● **Activity**:
Word for word, transcribe every line from the one holding "Chart shows deaths" through the end of the records, but not the pictures.

Data extracted from a collection:
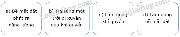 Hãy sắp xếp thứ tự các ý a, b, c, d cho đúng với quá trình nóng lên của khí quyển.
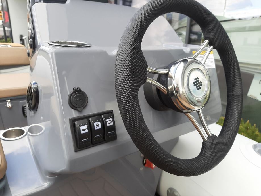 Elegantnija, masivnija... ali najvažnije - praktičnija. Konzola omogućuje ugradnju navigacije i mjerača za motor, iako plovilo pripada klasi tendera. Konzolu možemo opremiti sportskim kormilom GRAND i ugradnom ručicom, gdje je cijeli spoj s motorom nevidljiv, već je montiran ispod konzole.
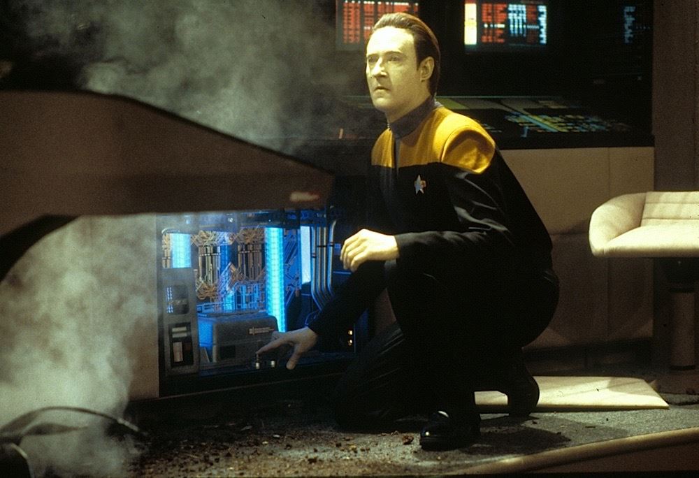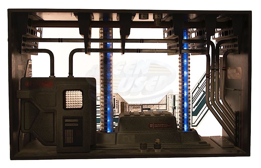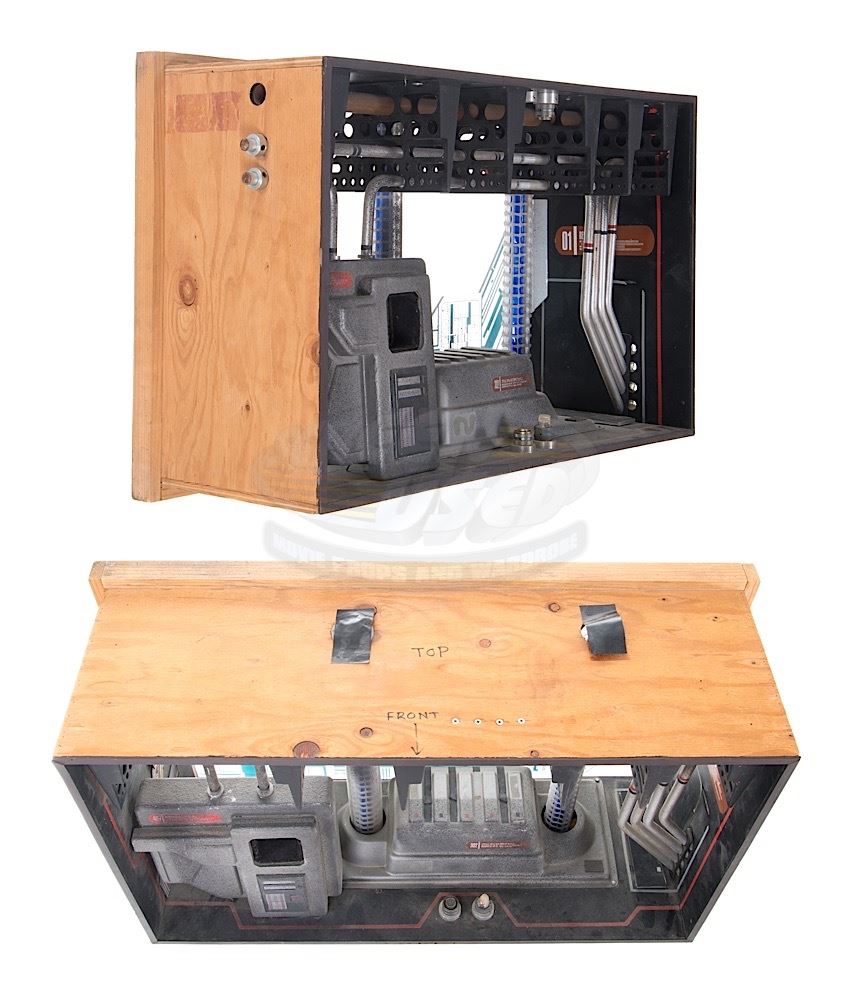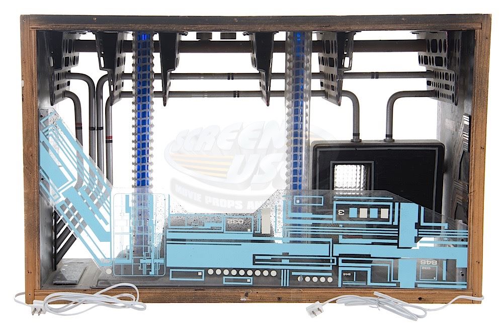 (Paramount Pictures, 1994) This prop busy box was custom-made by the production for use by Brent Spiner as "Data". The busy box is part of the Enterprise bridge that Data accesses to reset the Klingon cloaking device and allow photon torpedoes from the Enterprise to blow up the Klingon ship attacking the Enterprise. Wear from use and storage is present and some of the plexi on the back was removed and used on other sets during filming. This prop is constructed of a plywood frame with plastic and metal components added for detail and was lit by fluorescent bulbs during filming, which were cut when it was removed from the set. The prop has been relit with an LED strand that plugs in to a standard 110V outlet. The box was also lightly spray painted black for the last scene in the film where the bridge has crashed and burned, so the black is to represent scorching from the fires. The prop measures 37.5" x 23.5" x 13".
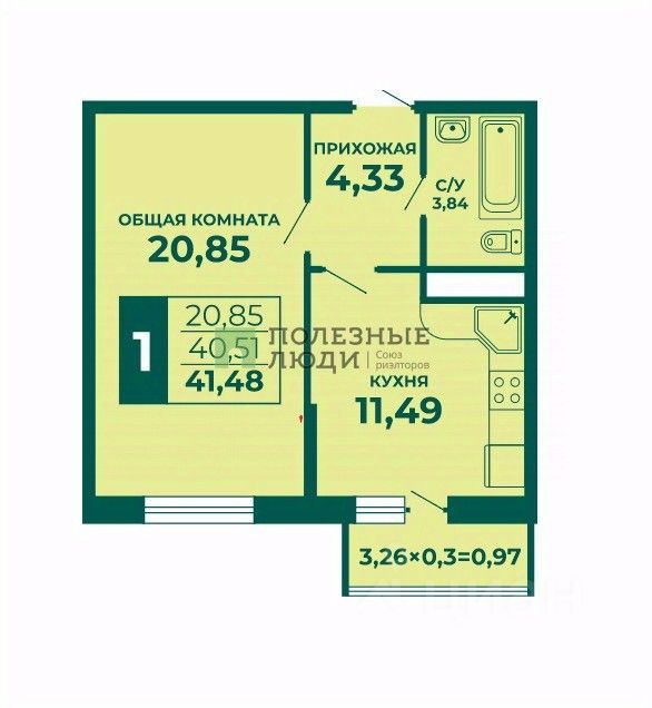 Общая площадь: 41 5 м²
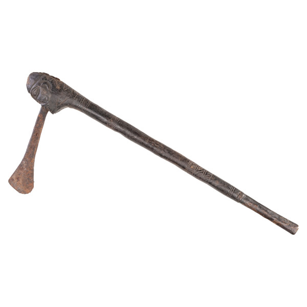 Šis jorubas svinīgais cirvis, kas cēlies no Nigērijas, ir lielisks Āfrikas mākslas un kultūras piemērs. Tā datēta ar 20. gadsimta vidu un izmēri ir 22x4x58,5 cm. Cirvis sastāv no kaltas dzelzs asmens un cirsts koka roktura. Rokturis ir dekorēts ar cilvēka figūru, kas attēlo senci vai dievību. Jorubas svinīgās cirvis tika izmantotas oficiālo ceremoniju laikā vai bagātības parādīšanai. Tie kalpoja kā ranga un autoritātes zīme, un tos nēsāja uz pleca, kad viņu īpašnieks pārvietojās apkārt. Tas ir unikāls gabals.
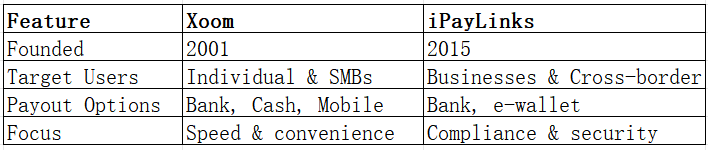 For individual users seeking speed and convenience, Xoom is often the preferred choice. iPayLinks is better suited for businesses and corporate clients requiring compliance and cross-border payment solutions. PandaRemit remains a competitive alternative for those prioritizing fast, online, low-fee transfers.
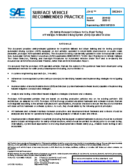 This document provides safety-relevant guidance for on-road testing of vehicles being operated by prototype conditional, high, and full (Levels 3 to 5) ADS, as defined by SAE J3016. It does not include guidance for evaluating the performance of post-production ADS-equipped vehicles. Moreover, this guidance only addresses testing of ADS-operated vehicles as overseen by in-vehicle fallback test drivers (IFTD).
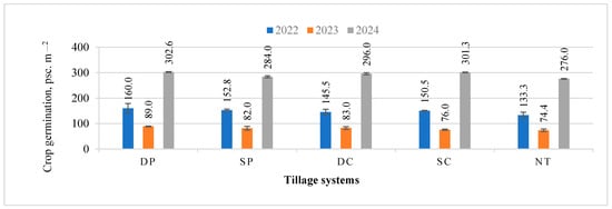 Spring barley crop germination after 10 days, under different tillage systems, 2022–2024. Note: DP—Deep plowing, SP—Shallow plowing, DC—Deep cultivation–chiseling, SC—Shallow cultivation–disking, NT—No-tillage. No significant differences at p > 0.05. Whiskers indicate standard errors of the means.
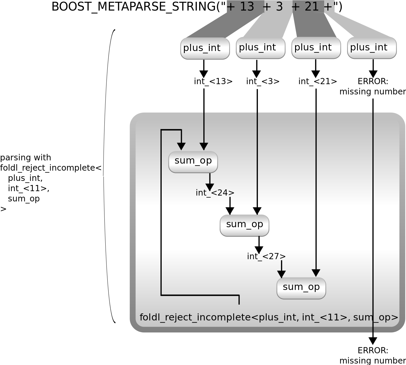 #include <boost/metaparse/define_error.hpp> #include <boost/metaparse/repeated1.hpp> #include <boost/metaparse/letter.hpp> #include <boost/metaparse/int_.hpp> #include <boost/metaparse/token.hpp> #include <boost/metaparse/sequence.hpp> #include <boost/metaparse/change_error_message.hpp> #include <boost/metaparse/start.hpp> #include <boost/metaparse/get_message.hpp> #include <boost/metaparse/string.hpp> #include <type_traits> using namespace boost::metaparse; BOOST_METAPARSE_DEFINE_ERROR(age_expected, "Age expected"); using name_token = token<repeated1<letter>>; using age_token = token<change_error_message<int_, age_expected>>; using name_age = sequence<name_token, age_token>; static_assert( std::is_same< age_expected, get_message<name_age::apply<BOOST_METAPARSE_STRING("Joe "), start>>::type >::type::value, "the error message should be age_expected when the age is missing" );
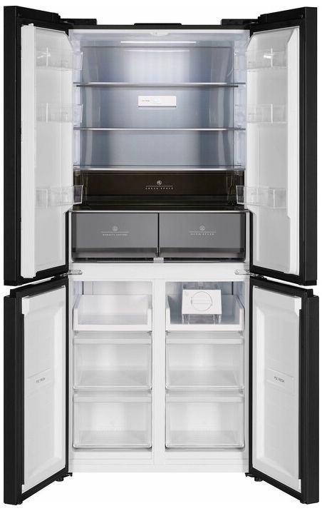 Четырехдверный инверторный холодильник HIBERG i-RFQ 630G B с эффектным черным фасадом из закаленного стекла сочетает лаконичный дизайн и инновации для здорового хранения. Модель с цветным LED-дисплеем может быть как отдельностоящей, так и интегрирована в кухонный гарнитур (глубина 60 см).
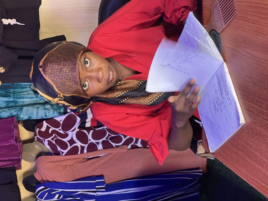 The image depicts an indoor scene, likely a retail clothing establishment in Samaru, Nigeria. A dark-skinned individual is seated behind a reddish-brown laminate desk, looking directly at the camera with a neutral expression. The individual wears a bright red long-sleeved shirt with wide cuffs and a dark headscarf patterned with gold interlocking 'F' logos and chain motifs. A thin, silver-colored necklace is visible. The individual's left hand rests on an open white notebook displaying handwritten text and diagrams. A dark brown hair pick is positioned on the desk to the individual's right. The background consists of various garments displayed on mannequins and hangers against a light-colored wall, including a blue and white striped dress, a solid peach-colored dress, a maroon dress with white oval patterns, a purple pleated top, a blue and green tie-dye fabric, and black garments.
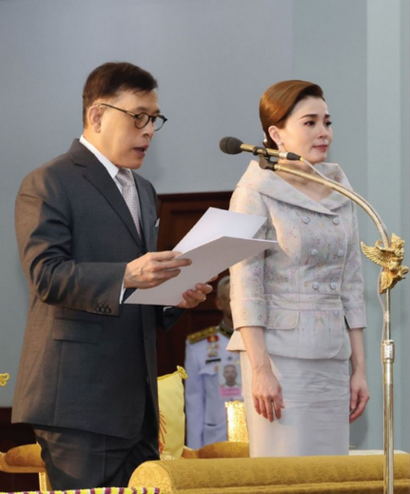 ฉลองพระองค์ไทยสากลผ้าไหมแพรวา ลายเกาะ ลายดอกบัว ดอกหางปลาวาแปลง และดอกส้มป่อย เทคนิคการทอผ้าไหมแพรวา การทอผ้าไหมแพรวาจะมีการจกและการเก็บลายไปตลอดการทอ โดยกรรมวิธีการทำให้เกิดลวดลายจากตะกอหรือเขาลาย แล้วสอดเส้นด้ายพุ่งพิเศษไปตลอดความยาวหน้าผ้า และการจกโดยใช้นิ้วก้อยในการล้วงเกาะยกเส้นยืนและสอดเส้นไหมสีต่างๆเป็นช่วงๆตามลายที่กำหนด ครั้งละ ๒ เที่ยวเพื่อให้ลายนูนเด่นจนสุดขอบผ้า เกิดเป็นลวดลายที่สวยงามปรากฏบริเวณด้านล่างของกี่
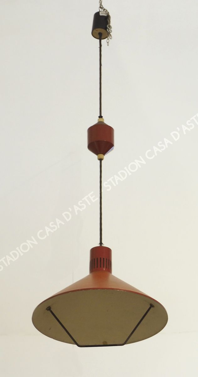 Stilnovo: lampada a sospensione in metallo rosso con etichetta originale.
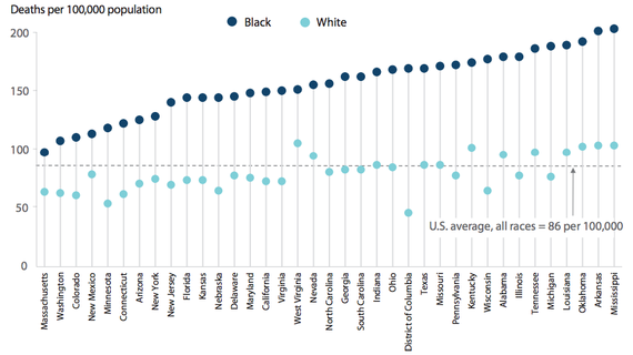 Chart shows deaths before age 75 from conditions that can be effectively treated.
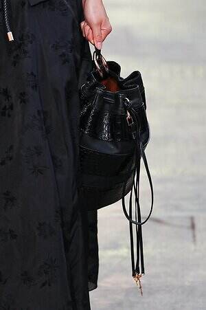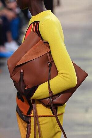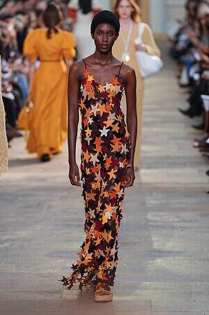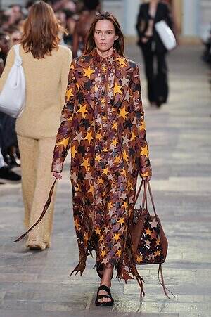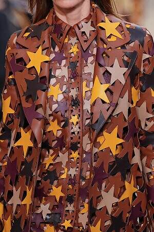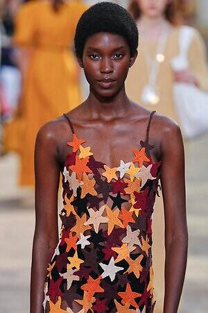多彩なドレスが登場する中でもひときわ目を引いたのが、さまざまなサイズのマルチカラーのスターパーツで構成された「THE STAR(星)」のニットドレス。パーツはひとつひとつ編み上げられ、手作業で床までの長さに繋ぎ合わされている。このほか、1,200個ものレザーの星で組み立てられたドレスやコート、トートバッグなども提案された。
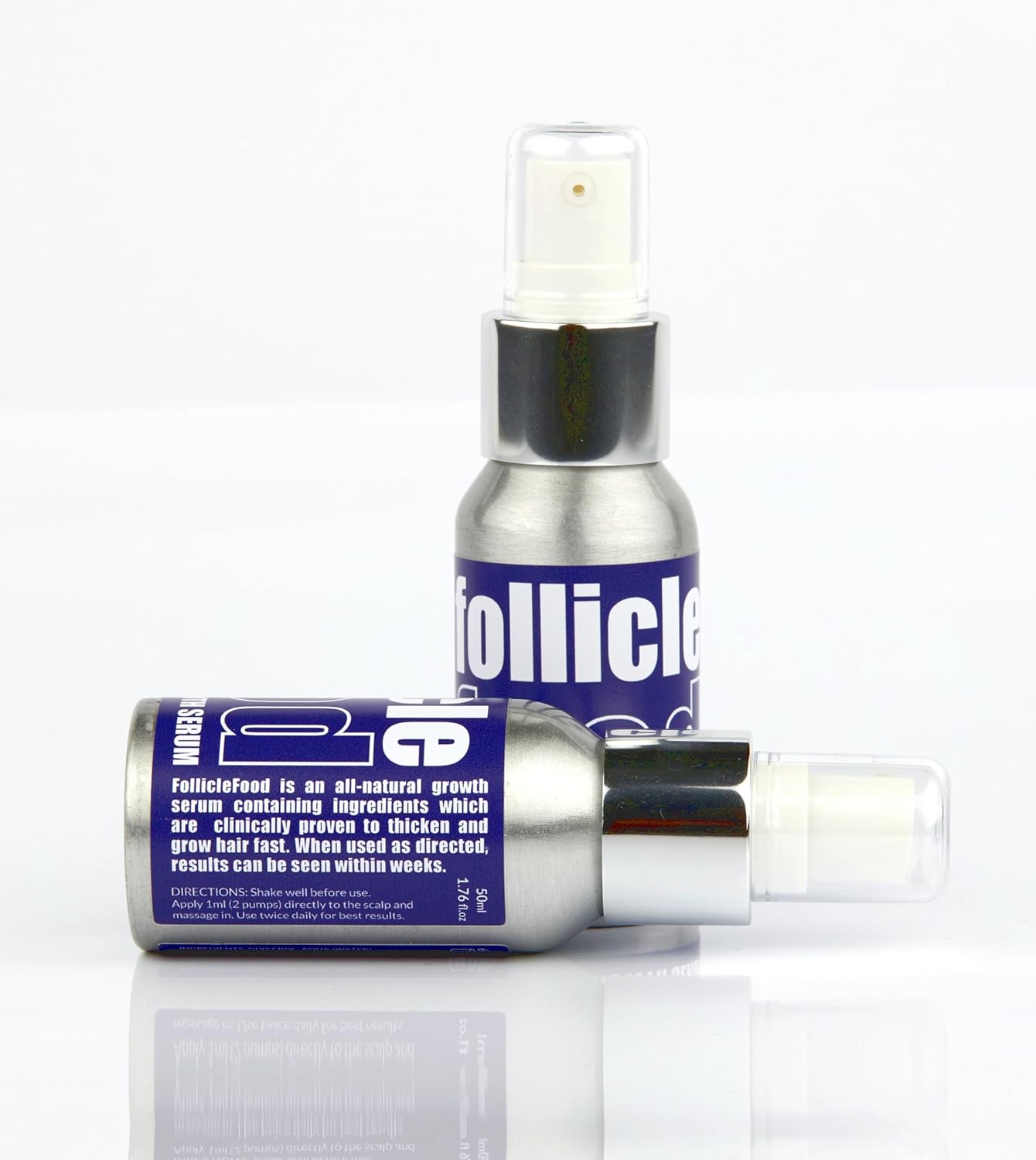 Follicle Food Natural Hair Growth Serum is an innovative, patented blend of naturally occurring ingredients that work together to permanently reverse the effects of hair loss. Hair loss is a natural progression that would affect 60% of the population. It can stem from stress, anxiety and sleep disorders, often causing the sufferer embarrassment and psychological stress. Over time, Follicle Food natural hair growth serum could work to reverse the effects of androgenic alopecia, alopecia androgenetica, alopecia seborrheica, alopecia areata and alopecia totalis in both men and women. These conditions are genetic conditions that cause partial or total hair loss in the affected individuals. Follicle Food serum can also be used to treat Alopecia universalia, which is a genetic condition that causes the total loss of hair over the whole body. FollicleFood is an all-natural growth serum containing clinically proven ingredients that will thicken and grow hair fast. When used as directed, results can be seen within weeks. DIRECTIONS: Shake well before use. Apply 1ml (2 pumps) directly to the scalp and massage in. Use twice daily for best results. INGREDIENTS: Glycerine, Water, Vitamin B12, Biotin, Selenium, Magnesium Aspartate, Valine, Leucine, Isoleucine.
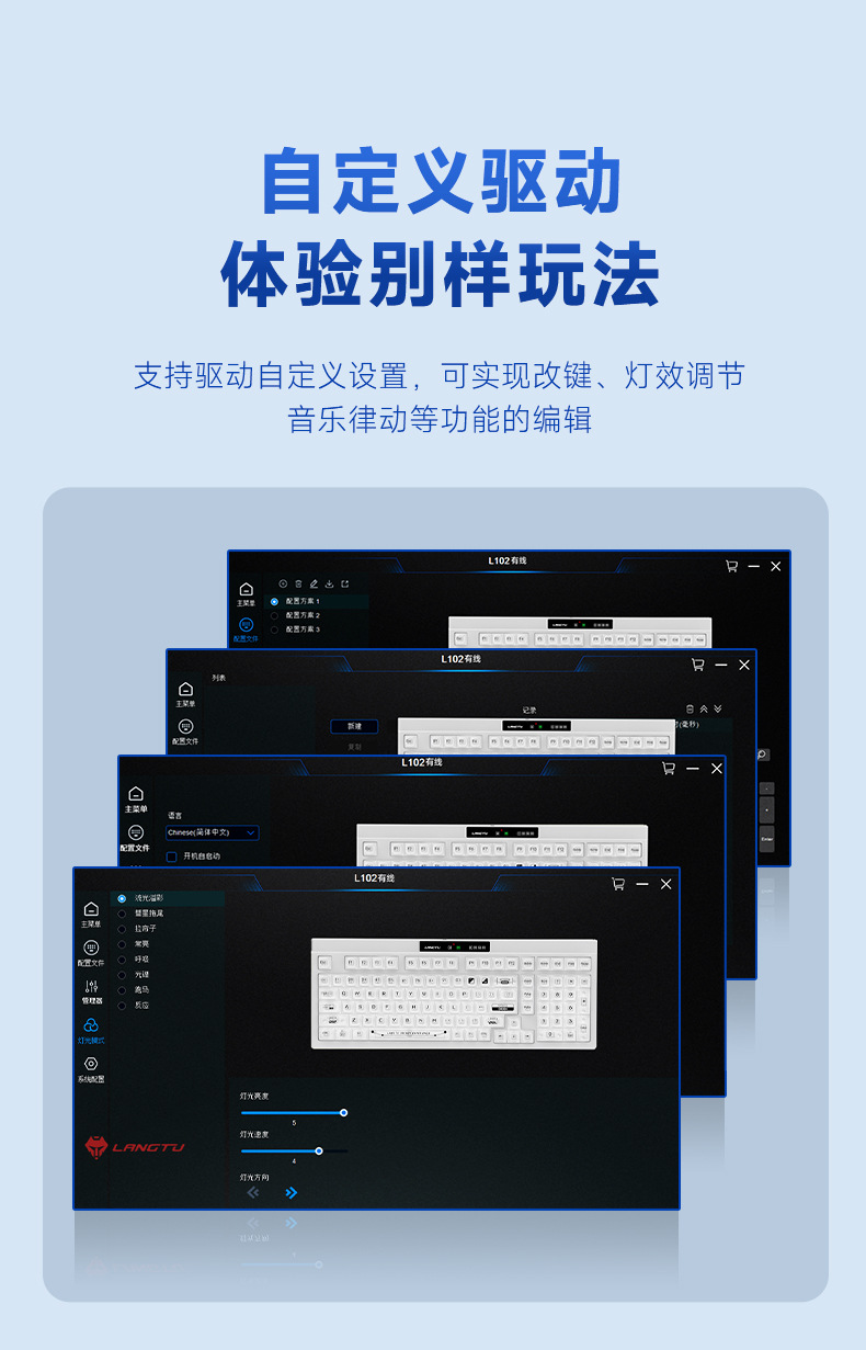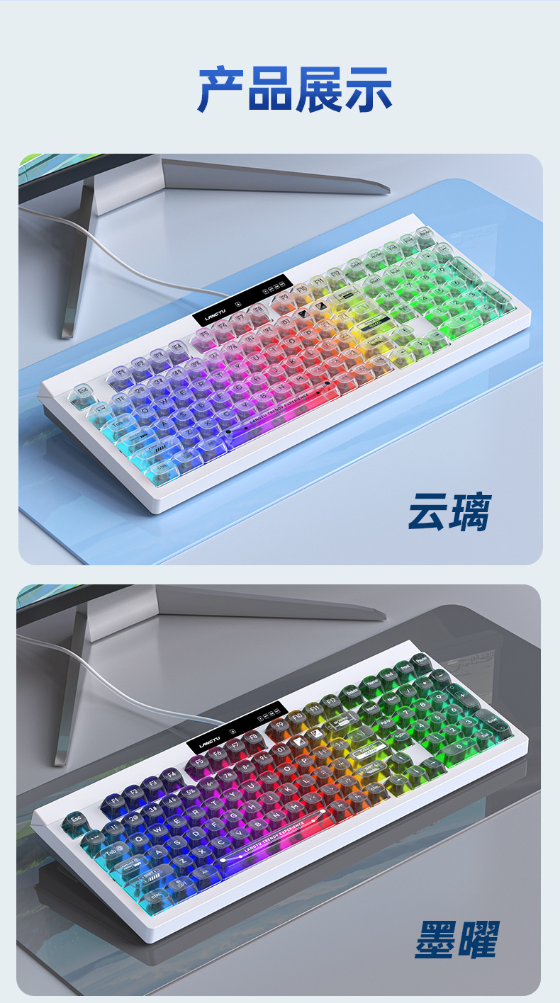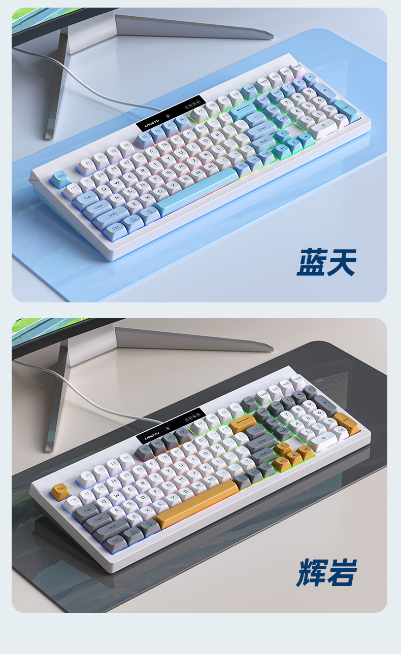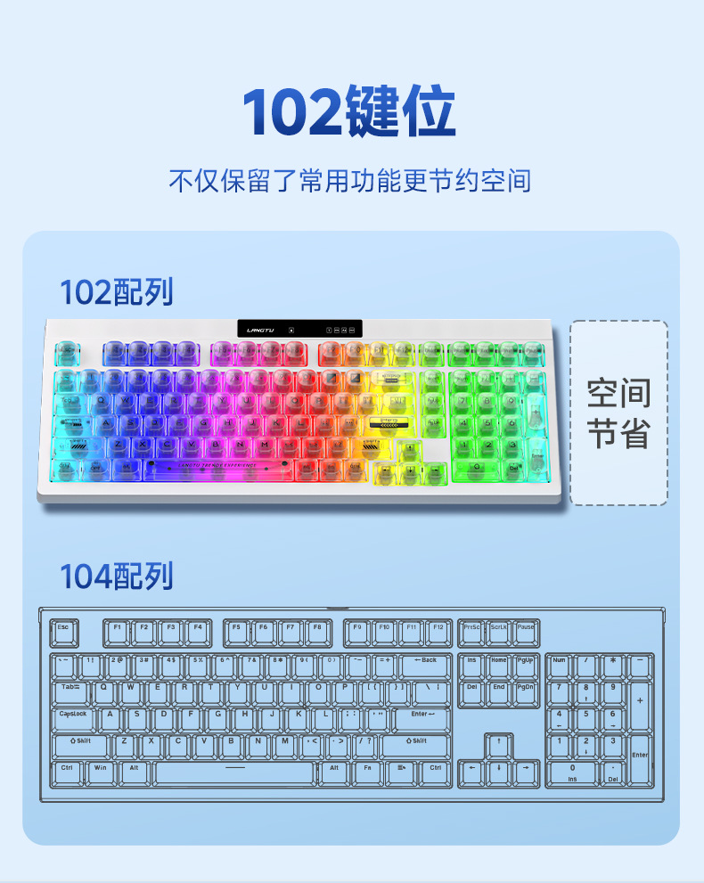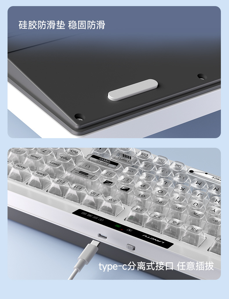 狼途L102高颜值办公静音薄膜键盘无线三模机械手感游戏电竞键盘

● **Output of the exercise**:
 Chart shows deaths before age 75 from conditions that can be effectively treated.
多彩なドレスが登場する中でもひときわ目を引いたのが、さまざまなサイズのマルチカラーのスターパーツで構成された「THE STAR(星)」のニットドレス。パーツはひとつひとつ編み上げられ、手作業で床までの長さに繋ぎ合わされている。このほか、1,200個ものレザーの星で組み立てられたドレスやコート、トートバッグなども提案された。
 Follicle Food Natural Hair Growth Serum is an innovative, patented blend of naturally occurring ingredients that work together to permanently reverse the effects of hair loss. Hair loss is a natural progression that would affect 60% of the population. It can stem from stress, anxiety and sleep disorders, often causing the sufferer embarrassment and psychological stress. Over time, Follicle Food natural hair growth serum could work to reverse the effects of androgenic alopecia, alopecia androgenetica, alopecia seborrheica, alopecia areata and alopecia totalis in both men and women. These conditions are genetic conditions that cause partial or total hair loss in the affected individuals. Follicle Food serum can also be used to treat Alopecia universalia, which is a genetic condition that causes the total loss of hair over the whole body. FollicleFood is an all-natural growth serum containing clinically proven ingredients that will thicken and grow hair fast. When used as directed, results can be seen within weeks. DIRECTIONS: Shake well before use. Apply 1ml (2 pumps) directly to the scalp and massage in. Use twice daily for best results. INGREDIENTS: Glycerine, Water, Vitamin B12, Biotin, Selenium, Magnesium Aspartate, Valine, Leucine, Isoleucine.
 狼途L102高颜值办公静音薄膜键盘无线三模机械手感游戏电竞键盘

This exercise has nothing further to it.